При подозрении на НАЖБП рекомендуется оценка наличия и выраженности инсулинорезистентности. Наиболее часто применяемым методом оценки инсулинорезистентности является расчет индекса HOMA-IR (HOmeostasis Model Assesment) по формуле: HOMA-IR= I0×G0/22,5, где I0 – уровень инсулина натощак (мкМЕ/мл), G0 – уровень глюкозы натощак (ммоль/л). Значение HOMA-IR: у здоровых лиц – менее 2,5; при нарушении толерантности к глюкозе, СД 2 – более 4. Значимую диагностическую ценность при НАЖБП имеет увеличение индекса HOMA-IR более 5.

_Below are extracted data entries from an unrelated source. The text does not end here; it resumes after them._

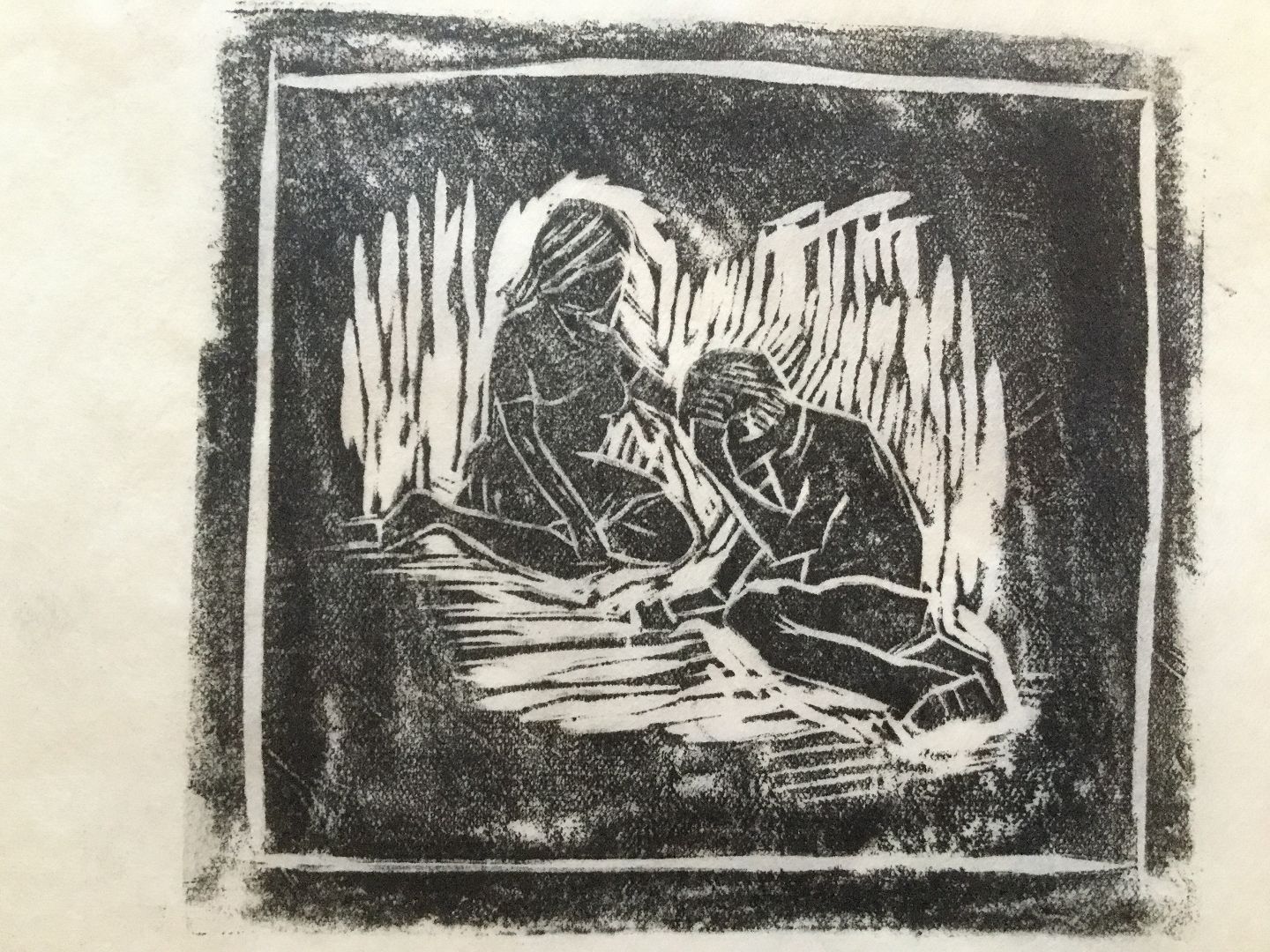 Linoleumstryk af Knud Andersen - Komposition med 2 personer 1964
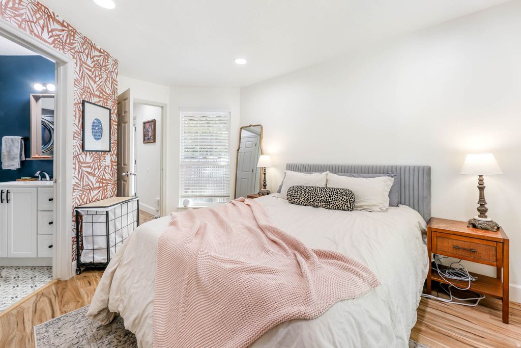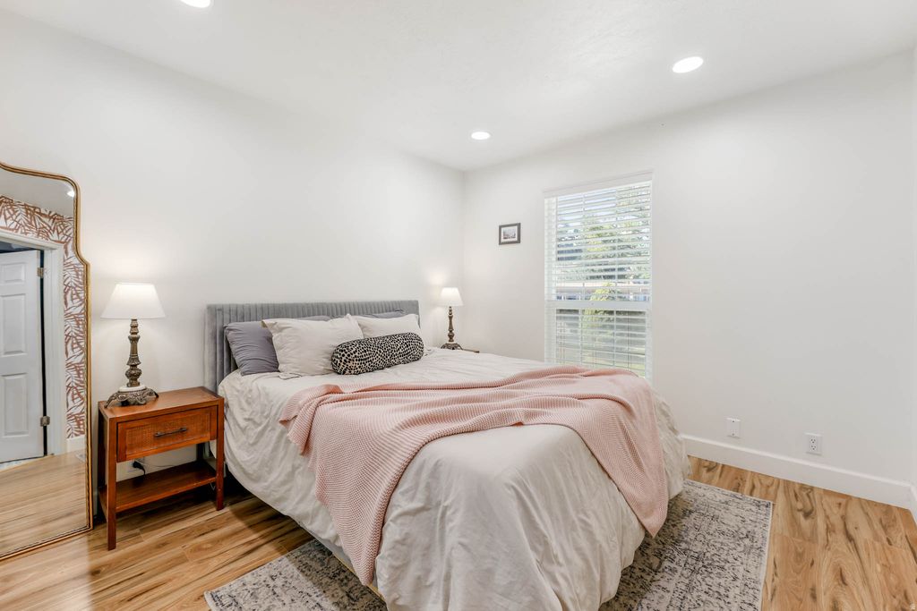Beautifully maintained 1-bedroom condo in the heart of Taylorsville. Features an open layout with wood-style flooring, granite countertops, and stainless steel appliances. The spacious bedroom includes a walk-in closet and updated ensuite bath with laundry. Enjoy a private fenced patio, vibrant exterior, and community amenities with mature trees and covered parking-all in a convenient location near parks, shopping, and commuter routes.
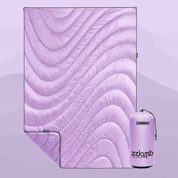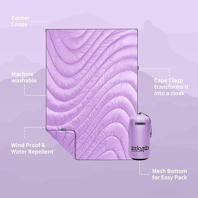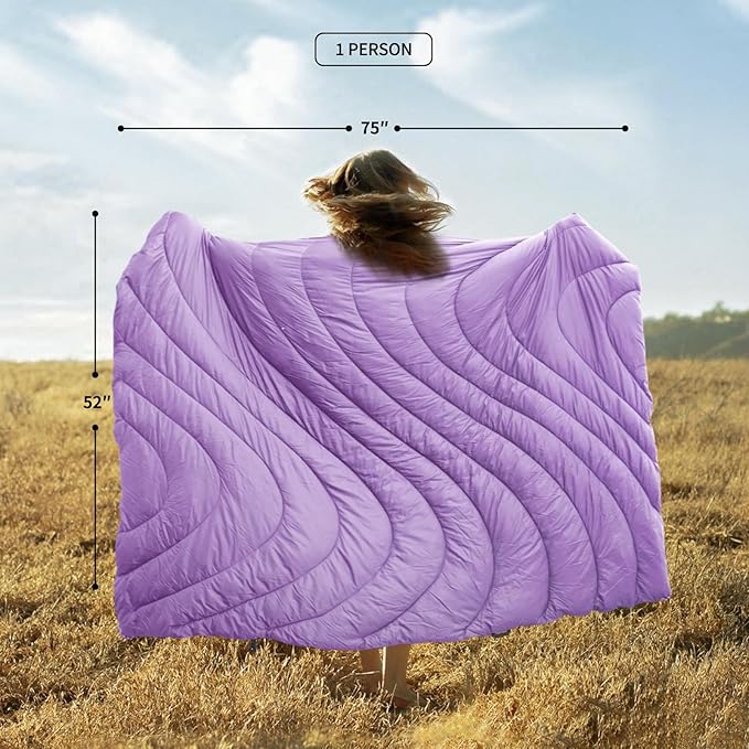 zzlamb Camping Blanket, Lightweight Cloak Puffy Down Alternative Travel Blanket, Portable & Windproof Warm Outdoor Blanket, Cozy Quilt Plane Car Picnic Hammock Beach Backpacking, 52x75in
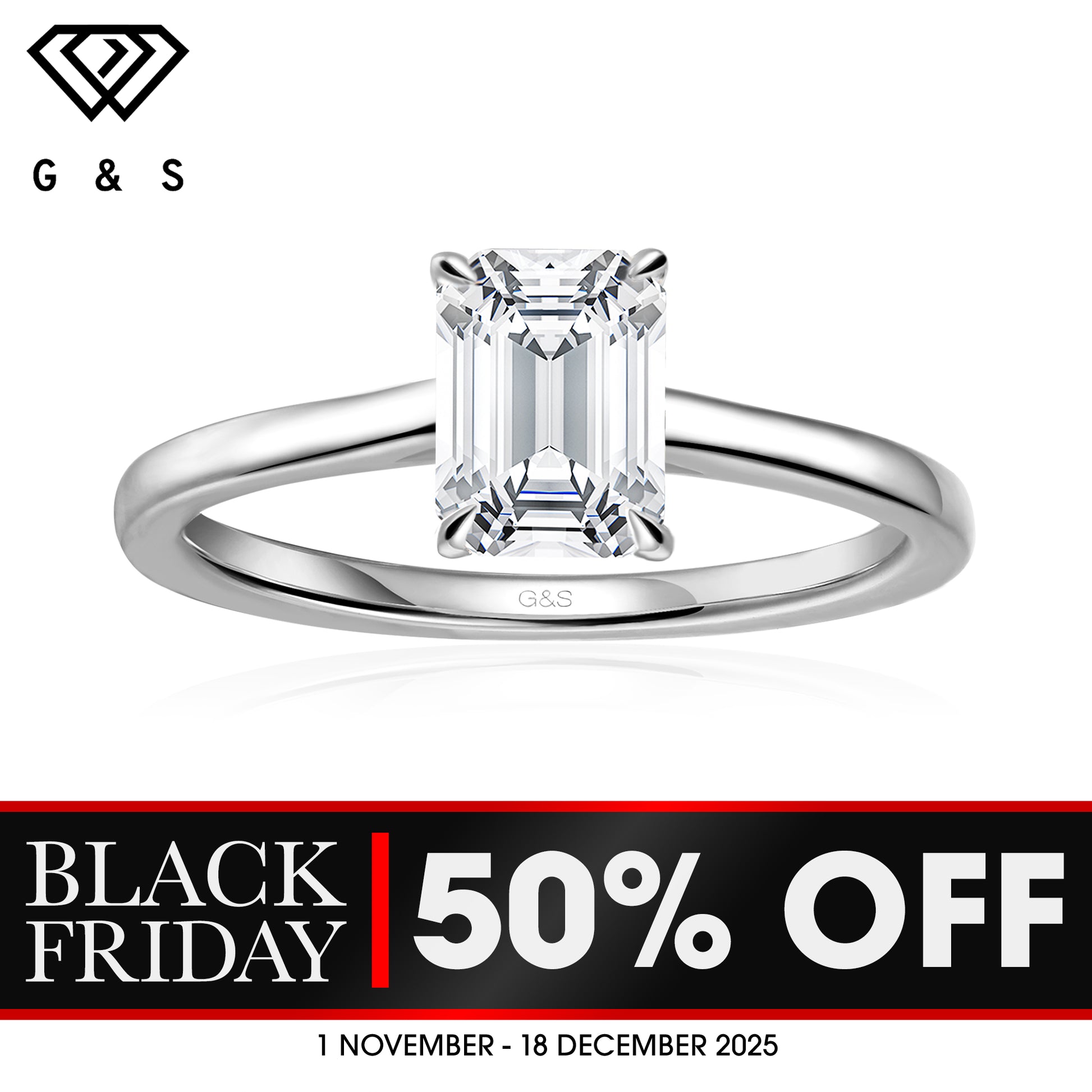- Center Moissanite: Emerald Cut 1.00ct (7mm x 5mm)

Для выявления групп высокого риска прогрессирования НАСГ с фиброзом используется ряд формул, основанных на простейших и доступных для определения в рутинной практике показателей (ИМТ, пол, наличие толерантности к глюкозе или СД, скрининговые сывороточные показатели). Наибольшую популярность в мире получили шкала NFS (Nonalcoholic Fatty Liver Disease Fibrosis Score), индекс FIB-4 (Fibrosis-4), шкала HAIR (англ. Hypertension, ALT and Insulin Resistance), индекс стеатоза печени FLI (англ. Fatty Liver Index), шкала BARD (англ. BMI, AST/ALT Ratio, and Diabetes Score), шкала BAAT (British Association of Art Therapists), индекс APRI (AST to Platelet Ratio Index), шкала CDS (англ. Cirrhosis Discriminant Score), шкала ELF (англ. European Liver Fibrosis Test) [25].
Диагностический алгоритм НАЖБП. В условиях реальной клинической практики диагностический алгоритм НАЖБП на этапе оказания ПМСП [23] можно разделить на 4 последовательных диагностических уровня (рис. 1–4).
Часто именно пациент ставит перед врачом-терапевтом или врачом общей практики вопрос о диагностике НАЖБП, после проведенного УЗИ органов брюшной полости и соответствующего описания: диффузное увеличение «яркости» (эхогенности) паренхимы печени, сглаженность (нечеткость) сосудистого рисунка и возможного умеренного увеличения размеров печени по данным УЗИ (рис. 1).
В ходе диагностического процесса на этапе оказания ПМСП важно не ограничиваться констатацией факта наличия у пациента признаков стеатоза печени и 
умеренной гепатомегалии, а продолжить обследование с целью исключения активности воспалительного процесса путем определения концентрации сывороточных трансаминаз (АЛТ и АСТ), поскольку у каждого десятого пациента с УЗ-признаками стеатоза имеется синдром цитолиза (рис. 2).
При наличии синдрома цитолиза необходимо исключить наличие вирусного гепатита. В случае обнаружения острого или хронического вирусного поражения печени, дальнейшее ведение больного осуществляется в соответствии с рекомендациями врача инфекциониста (рис. 3).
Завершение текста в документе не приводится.